» EXERCISE AIM: Nothing past the line containing "Listening to a" belongs in the output. Copy exactly every line of the data below from the first up to and including it.

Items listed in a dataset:
****************
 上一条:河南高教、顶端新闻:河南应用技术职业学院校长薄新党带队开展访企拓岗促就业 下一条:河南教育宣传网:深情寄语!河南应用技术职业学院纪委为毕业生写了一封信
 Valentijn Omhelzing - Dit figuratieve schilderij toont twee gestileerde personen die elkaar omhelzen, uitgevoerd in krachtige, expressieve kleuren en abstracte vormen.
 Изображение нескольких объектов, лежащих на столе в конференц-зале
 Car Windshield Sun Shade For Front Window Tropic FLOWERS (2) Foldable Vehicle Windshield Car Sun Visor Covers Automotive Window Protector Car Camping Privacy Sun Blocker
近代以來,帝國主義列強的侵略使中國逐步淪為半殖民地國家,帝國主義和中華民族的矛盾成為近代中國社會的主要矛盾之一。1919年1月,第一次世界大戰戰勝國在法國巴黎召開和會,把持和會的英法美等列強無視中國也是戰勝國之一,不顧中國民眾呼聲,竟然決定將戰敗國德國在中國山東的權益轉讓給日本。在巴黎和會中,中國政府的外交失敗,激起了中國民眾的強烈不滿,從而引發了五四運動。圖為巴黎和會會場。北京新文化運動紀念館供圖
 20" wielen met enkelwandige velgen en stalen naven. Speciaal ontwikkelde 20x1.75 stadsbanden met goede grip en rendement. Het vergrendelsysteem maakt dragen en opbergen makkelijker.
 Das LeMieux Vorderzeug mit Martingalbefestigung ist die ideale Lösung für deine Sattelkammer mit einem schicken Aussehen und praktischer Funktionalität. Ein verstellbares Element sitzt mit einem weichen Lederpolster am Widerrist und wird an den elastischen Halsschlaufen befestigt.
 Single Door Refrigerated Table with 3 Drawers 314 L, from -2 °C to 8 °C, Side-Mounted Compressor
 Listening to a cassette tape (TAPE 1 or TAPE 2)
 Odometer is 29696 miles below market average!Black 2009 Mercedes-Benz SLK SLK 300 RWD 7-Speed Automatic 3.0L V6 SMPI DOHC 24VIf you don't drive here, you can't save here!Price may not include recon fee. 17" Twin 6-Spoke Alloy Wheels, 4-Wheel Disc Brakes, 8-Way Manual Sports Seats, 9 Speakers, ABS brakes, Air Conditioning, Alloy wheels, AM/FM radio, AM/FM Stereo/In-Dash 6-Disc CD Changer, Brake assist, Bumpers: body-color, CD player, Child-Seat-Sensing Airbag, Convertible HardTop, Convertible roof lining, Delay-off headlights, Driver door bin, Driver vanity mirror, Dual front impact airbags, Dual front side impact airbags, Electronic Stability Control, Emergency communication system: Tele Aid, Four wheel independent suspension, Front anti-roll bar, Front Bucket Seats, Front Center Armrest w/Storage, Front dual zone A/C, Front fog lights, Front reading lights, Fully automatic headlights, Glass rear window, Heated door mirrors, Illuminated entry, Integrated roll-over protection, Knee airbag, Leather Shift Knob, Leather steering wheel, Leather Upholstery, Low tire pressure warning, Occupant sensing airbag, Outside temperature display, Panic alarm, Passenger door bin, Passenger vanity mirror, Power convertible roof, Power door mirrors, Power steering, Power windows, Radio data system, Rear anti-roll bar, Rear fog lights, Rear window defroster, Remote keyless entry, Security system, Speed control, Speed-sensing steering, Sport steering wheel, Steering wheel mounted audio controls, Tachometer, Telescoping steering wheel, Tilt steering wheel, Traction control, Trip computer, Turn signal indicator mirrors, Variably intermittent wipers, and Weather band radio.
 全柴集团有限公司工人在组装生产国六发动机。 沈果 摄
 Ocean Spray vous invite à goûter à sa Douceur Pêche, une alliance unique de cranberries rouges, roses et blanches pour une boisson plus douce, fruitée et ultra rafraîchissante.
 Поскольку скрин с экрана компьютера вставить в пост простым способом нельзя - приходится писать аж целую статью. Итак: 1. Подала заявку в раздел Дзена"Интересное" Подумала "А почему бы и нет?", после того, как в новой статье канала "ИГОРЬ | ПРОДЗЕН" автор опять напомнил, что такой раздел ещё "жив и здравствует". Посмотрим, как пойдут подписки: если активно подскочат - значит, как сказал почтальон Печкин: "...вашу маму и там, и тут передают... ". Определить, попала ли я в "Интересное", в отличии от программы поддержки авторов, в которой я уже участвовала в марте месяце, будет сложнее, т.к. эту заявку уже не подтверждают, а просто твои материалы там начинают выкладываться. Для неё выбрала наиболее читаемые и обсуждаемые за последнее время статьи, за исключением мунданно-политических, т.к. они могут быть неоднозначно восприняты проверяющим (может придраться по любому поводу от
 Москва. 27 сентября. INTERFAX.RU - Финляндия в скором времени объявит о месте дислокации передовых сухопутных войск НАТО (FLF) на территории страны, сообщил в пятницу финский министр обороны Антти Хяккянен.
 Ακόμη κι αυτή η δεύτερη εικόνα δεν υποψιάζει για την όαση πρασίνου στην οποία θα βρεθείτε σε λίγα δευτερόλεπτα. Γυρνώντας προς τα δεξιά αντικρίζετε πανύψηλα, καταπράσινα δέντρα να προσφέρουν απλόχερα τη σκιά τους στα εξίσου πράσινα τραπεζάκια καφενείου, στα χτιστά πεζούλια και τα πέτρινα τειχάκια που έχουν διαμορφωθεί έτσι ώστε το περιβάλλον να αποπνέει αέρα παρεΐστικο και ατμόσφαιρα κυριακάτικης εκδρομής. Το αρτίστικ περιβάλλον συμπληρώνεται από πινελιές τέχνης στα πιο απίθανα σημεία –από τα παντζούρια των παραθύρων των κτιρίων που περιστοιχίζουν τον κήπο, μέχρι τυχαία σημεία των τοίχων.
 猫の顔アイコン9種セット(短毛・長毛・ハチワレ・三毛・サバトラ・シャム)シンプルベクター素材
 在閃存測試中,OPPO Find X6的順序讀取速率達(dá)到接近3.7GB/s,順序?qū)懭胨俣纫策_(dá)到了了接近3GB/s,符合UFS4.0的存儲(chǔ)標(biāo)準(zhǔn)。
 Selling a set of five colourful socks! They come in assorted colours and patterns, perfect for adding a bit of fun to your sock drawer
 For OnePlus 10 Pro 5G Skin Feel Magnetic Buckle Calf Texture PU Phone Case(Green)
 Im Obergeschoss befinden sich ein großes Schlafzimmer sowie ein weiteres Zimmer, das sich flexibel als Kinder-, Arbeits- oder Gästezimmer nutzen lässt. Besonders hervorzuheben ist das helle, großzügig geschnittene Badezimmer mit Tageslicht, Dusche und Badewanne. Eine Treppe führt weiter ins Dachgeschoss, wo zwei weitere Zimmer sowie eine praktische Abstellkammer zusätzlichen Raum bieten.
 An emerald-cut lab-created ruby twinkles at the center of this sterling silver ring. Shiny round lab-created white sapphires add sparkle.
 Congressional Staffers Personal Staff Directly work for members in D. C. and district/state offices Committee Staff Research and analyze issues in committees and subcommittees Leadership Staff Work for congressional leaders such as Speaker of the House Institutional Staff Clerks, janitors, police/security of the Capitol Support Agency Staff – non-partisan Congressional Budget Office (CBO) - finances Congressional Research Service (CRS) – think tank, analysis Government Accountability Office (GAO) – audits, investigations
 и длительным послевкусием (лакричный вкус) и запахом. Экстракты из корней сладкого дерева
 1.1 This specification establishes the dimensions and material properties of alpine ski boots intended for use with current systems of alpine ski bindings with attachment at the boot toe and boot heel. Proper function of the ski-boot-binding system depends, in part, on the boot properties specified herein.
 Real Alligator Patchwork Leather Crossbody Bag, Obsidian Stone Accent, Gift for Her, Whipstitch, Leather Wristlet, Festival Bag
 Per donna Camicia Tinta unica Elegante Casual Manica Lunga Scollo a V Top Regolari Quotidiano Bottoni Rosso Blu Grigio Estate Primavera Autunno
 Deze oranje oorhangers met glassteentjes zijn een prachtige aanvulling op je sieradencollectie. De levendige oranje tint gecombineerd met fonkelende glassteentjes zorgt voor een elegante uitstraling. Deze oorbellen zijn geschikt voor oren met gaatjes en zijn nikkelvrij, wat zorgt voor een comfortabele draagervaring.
****************
» COMPLETED TASK:
 上一条:河南高教、顶端新闻:河南应用技术职业学院校长薄新党带队开展访企拓岗促就业 下一条:河南教育宣传网:深情寄语!河南应用技术职业学院纪委为毕业生写了一封信
 Valentijn Omhelzing - Dit figuratieve schilderij toont twee gestileerde personen die elkaar omhelzen, uitgevoerd in krachtige, expressieve kleuren en abstracte vormen.
 Изображение нескольких объектов, лежащих на столе в конференц-зале
 Car Windshield Sun Shade For Front Window Tropic FLOWERS (2) Foldable Vehicle Windshield Car Sun Visor Covers Automotive Window Protector Car Camping Privacy Sun Blocker
近代以來,帝國主義列強的侵略使中國逐步淪為半殖民地國家,帝國主義和中華民族的矛盾成為近代中國社會的主要矛盾之一。1919年1月,第一次世界大戰戰勝國在法國巴黎召開和會,把持和會的英法美等列強無視中國也是戰勝國之一,不顧中國民眾呼聲,竟然決定將戰敗國德國在中國山東的權益轉讓給日本。在巴黎和會中,中國政府的外交失敗,激起了中國民眾的強烈不滿,從而引發了五四運動。圖為巴黎和會會場。北京新文化運動紀念館供圖
 20" wielen met enkelwandige velgen en stalen naven. Speciaal ontwikkelde 20x1.75 stadsbanden met goede grip en rendement. Het vergrendelsysteem maakt dragen en opbergen makkelijker.
 Das LeMieux Vorderzeug mit Martingalbefestigung ist die ideale Lösung für deine Sattelkammer mit einem schicken Aussehen und praktischer Funktionalität. Ein verstellbares Element sitzt mit einem weichen Lederpolster am Widerrist und wird an den elastischen Halsschlaufen befestigt.
 Single Door Refrigerated Table with 3 Drawers 314 L, from -2 °C to 8 °C, Side-Mounted Compressor
 Listening to a cassette tape (TAPE 1 or TAPE 2)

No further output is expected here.